MDA Awards Venture Philanthropy Funding to Rachelle Crosbie to Develop a Novel Membrane-Stabilizing Drug for DMD
By Jeanene Swanson | Thursday, July 18, 2019
MDA has awarded MDA Venture Philanthropy (MVP) funding totaling $389,463 over two years to Rachelle H. Crosbie, PhD, professor and chair of Integrative Biology and Physiology at the University of California, Los Angeles. The award will support the development of a small molecule drug that increases expression of sarcospan, a protein that may help to prevent the muscle damage that occurs in Duchenne muscular dystrophy (DMD). Currently, there are only two FDA-approved therapies to treat DMD.
MVP is MDA’s drug development program, which is exclusively focused on funding the discovery and clinical application of treatments and cures for neuromuscular disorders. MVP evaluates and makes targeted investments in companies and academics developing therapeutics.
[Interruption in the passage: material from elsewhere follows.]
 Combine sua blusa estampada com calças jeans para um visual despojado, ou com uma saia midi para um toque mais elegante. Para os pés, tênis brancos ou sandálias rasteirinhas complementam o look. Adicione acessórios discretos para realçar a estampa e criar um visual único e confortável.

“Dr. Crosbie’s team has identified sarcospan as a promising new drug target for Duchenne,” says MDA President and CEO Lynn O’Connor Vos. “MDA is pleased to continue to support this successful line of research as her team now initiates a program to develop a novel therapy.”
Sarcospan as therapeutic target
DMD is a genetic neuromuscular disease caused by mutations in the gene that makes dystrophin, a protein that is critical for maintaining the structural integrity of skeletal and cardiac muscle cells. When dystrophin is absent, muscle cells are much more susceptible to becoming damaged during use. Following repeated bouts of cellular damage, dystrophic muscle will eventually begin to degenerate and a person’s function will progressively decline.
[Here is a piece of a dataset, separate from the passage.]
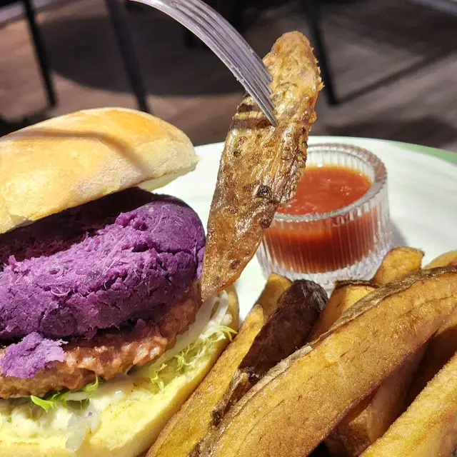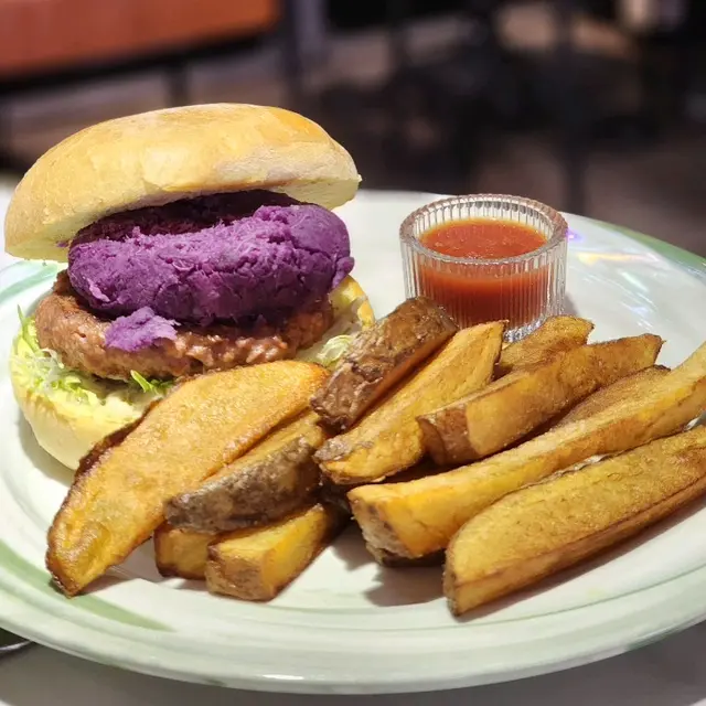 手工製作的麵包🥯鬆軟而實在,加上厚實的鮮甜紫薯及幾可亂真的素肉,味道完美配合,再配上厚切帶皮薯角,令人忍不住一口接一口。

As a postdoctoral fellow with Kevin P. Campbell, PhD, at the Howard Hughes Medical Institute and the University of Iowa Carver College of Medicine, Dr. Crosbie identified a protein called sarcospan that may improve the structural integrity of dystrophic muscle in DMD. This initial discovery was funded by the Robert G. Sampson Neuromuscular Disease Research Award for postdoctoral training from MDA.
Sarcospan is naturally present in muscle, but Dr. Crosbie’s laboratory showed that increasing its amount can convey a protective effect on skeletal and cardiac muscle in mice with muscular dystrophy. Her team has recently identified a set of small molecules that increase the levels of sarcospan, and with support from the MVP award, she will chemically optimize these lead compounds and test them in DMD mice and DMD human cells. Cynthia Shu, the graduate student in Dr. Crosbie’s lab who performed the high-throughput screen to identify the sarcospan-enhancing compounds, was motivated to pursue the project after her family was personally affected by muscular dystrophy. If successful, this work may lead to the development of a novel drug that could slow the loss of function in limb muscles, respiratory muscles, and heart.
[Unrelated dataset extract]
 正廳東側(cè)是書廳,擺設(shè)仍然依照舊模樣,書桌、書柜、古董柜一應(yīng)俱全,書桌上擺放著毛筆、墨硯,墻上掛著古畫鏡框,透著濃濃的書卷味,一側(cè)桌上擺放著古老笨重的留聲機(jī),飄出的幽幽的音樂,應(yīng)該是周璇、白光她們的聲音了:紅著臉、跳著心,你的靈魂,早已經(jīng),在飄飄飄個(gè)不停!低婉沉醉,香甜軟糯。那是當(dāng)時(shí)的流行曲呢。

“We hope to identify a pre-clinical candidate that will treat DMD by boosting sarcospan levels,” Dr. Crosbie says. “We also want to learn more about how our lead compounds target sarcospan in muscle cells so we can design better, more effective drugs.”
MDA funding helps lead to discovery
“The MDA has supported our research on sarcospan for over two decades, starting with my postdoctoral fellowship in 1996,” Dr. Crosbie says. “It has been a long road of basic science research to establish sarcospan as a target for DMD, and the MDA has been instrumental during this journey. It is exciting to be at this stage of developing drugs that enhance sarcospan.”
In addition to the fellowship award in 1996 and the current MVP award, in the intervening time MDA awarded Dr. Crosbie several grants, two of which totaled $600,000, to evaluate sarcospan as a potential drug target for Duchenne and other muscular dystrophies. As part of that work, Dr. Crosbie showed that increasing the level of sarcospan in dystrophic mice protects the skeletal and heart muscle from damage and increases the abundance of other membrane-stabilizing proteins, including integrin and utrophin.
Recently, her lab screened 200,000 different drugs to find the specific drugs that increase sarcospan in muscle cells. Her current work will further develop and optimize the lead compounds for treatment of DMD.
“At the moment, our primary goal is to create a treatment for DMD,” Dr. Crosbie says. “However, this research may benefit other neuromuscular diseases because sarcospan appears to have a protective effect in muscle.”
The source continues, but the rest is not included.